- Interactive map of Çiftlik Tunnel Çiftlik Tüneli

Overview
- Location: Sinop, Sinop Province
- Coordinates: 41°57′33″N 35°05′18″E﻿ / ﻿41.95917°N 35.08833°E Çiftlik Tunnel Location of Çiftlik Tunnel in Turkey
- Status: Operational
- Route: D.010

Operation
- Constructed: Dağcan Construction and Trade Company Inc
- Opened: 26 March 2014; 12 years ago
- Operator: General Directorate of Highways
- Traffic: automotive

Technical
- Length: 1,285 and 1,285 m (4,216 and 4,216 ft)
- No. of lanes: 2 x 2
- Operating speed: 80 km/h (50 mph)

= Çiftlik Tunnel =

Road tunnel in Turkey

Çiftlik Tunnel (Çiftlik Tüneli), is a highway tunnel constructed in Sinop Province, northern Turkey.

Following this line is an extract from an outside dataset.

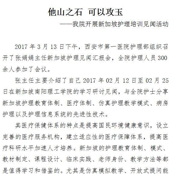 他山之石 可以攻玉 ——我院开展新加坡护理培训见闻活动
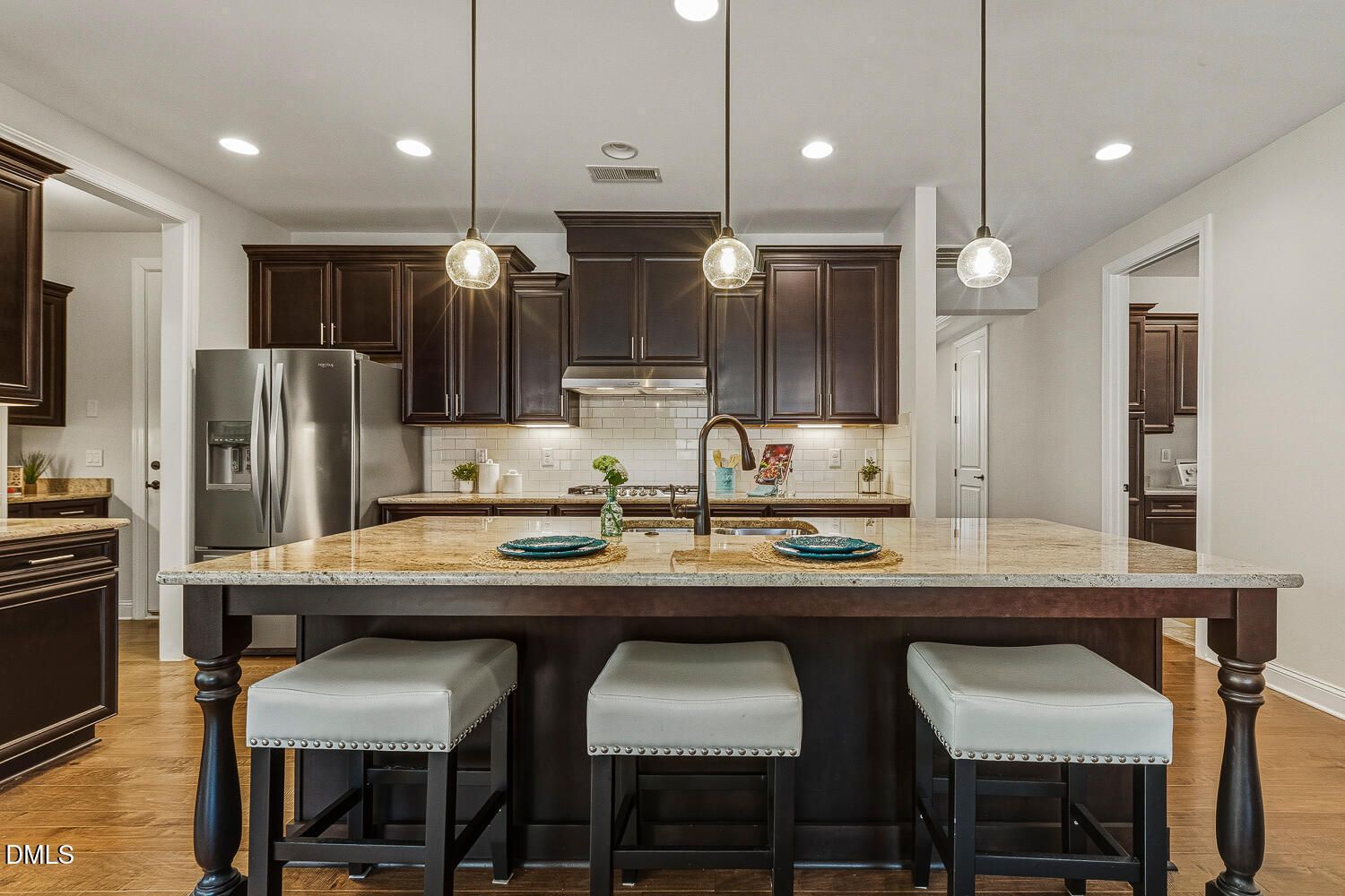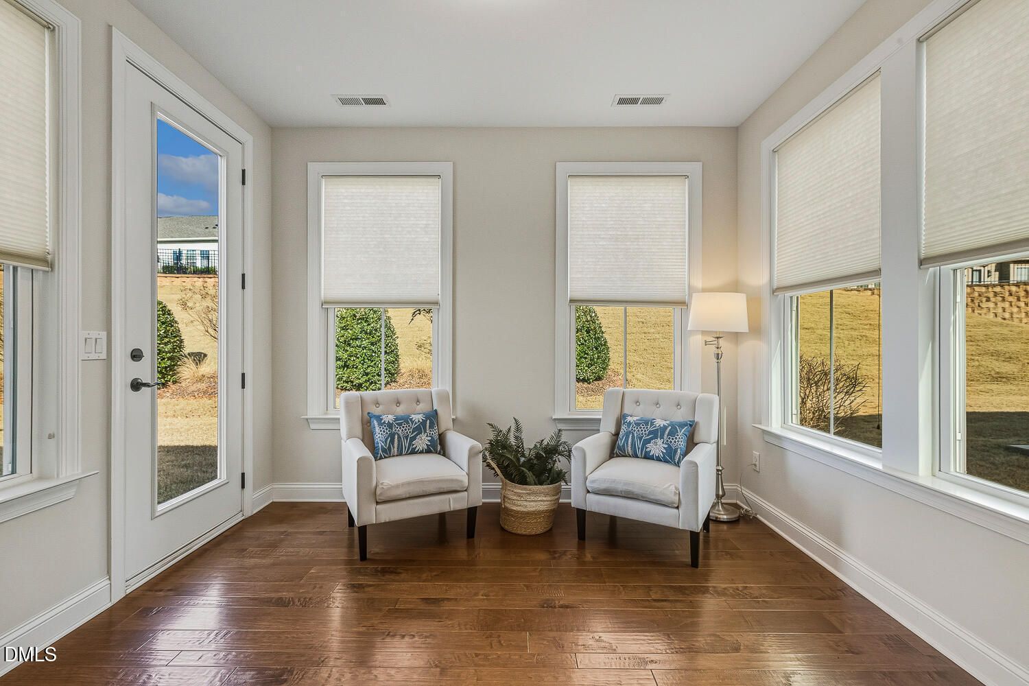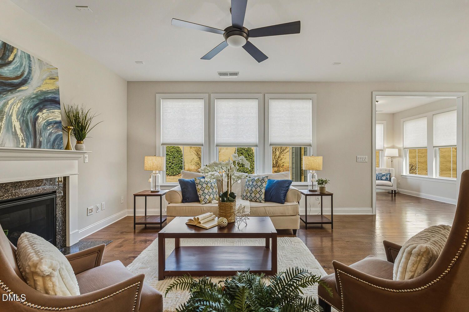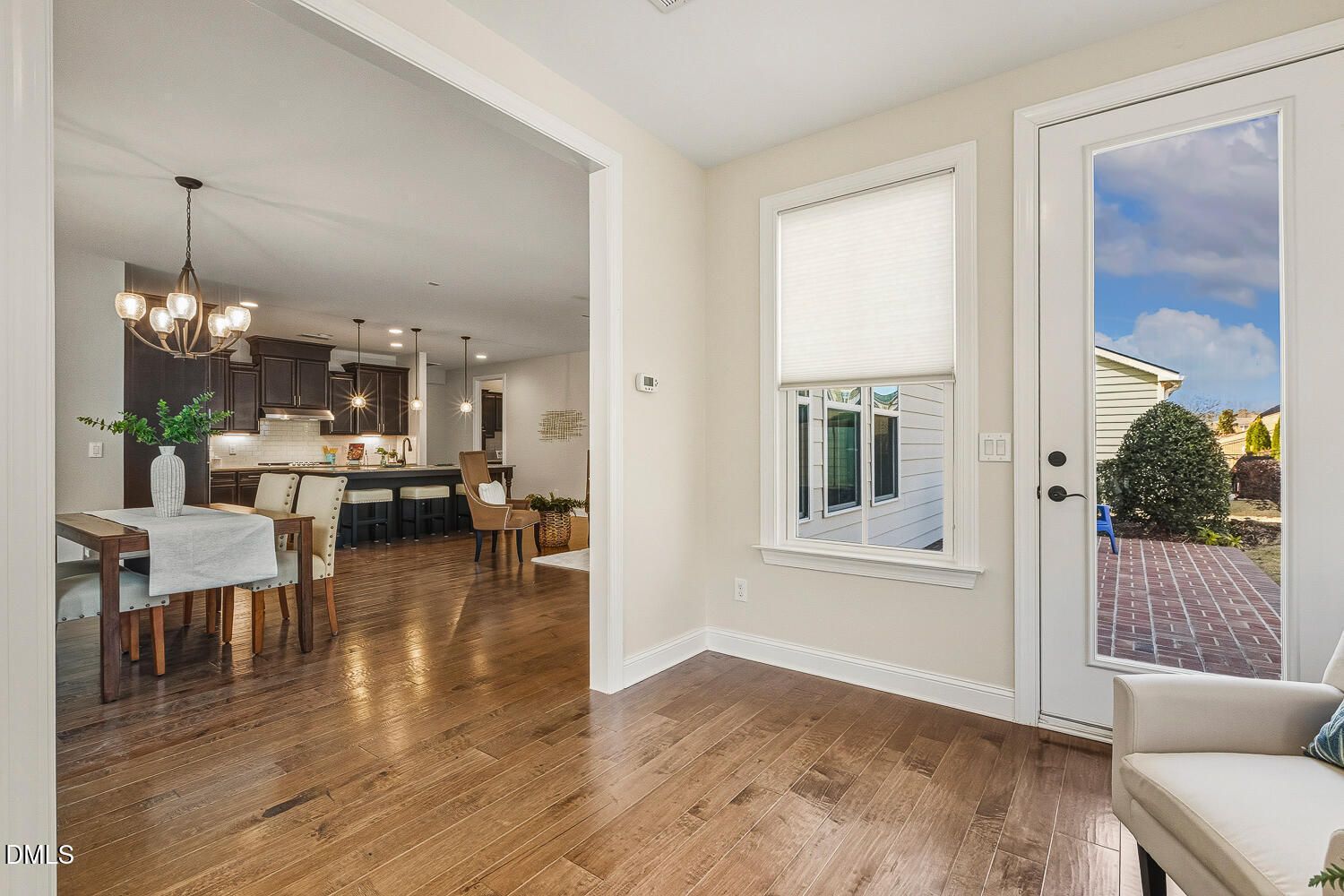Beautiful and meticulous one-level/ranch style home on one of the best streets in the neighborhood! This Melville floorplan features hardwood floors and a gourmet kitchen with stainless appliances, granite counters, center island, soft-close cabinets, tile backsplash, recessed lights, butler's pantry, and walk-in pantry. The family room offers a gas log fireplace, and the dining area and bright sunroom fill the home with natural light. The owner's suite includes a tray ceiling, wall of windows, walk-in closet, laundry access, and a spa bath with double granite vanity, tiled walk-in shower, and water closet, plus a secondary bedroom/flex room ideal for fitness, meditation, or caregiving. A guest bedroom w/ nearby hall bath, home office, and powder room complete the layout. Enjoy the spacious covered front porch or spend time in the private backyard w/ extended brick patio and retractable awning. Located on a cul-de-sac street near a convenient park/trail. This sought after 55+ Active Adult Community includes the award-winning clubhouse with a fitness center, hobby rooms, resort-style pool, tennis, bocce, pickleball, trails, ponds, and parks. Located close to Brier Creek, Southpoint, RDU Airport, and major highways...schedule a visit now!

Çiftlik Tunnel is part of the Sinop-Samsun Highway within the Black Sea Coastal Highway, of which construction was carried out by the Turkish Dağcan Construction and Trade Company Inc. The 1285 and 1285 m-long twin-tube tunnel carrying two lanes of traffic in each direction. The Demirciköy Tunnel follows the Çiftlik Tunnel in direction Samsun.

The tunnel was opened to traffic on 26 March 2014.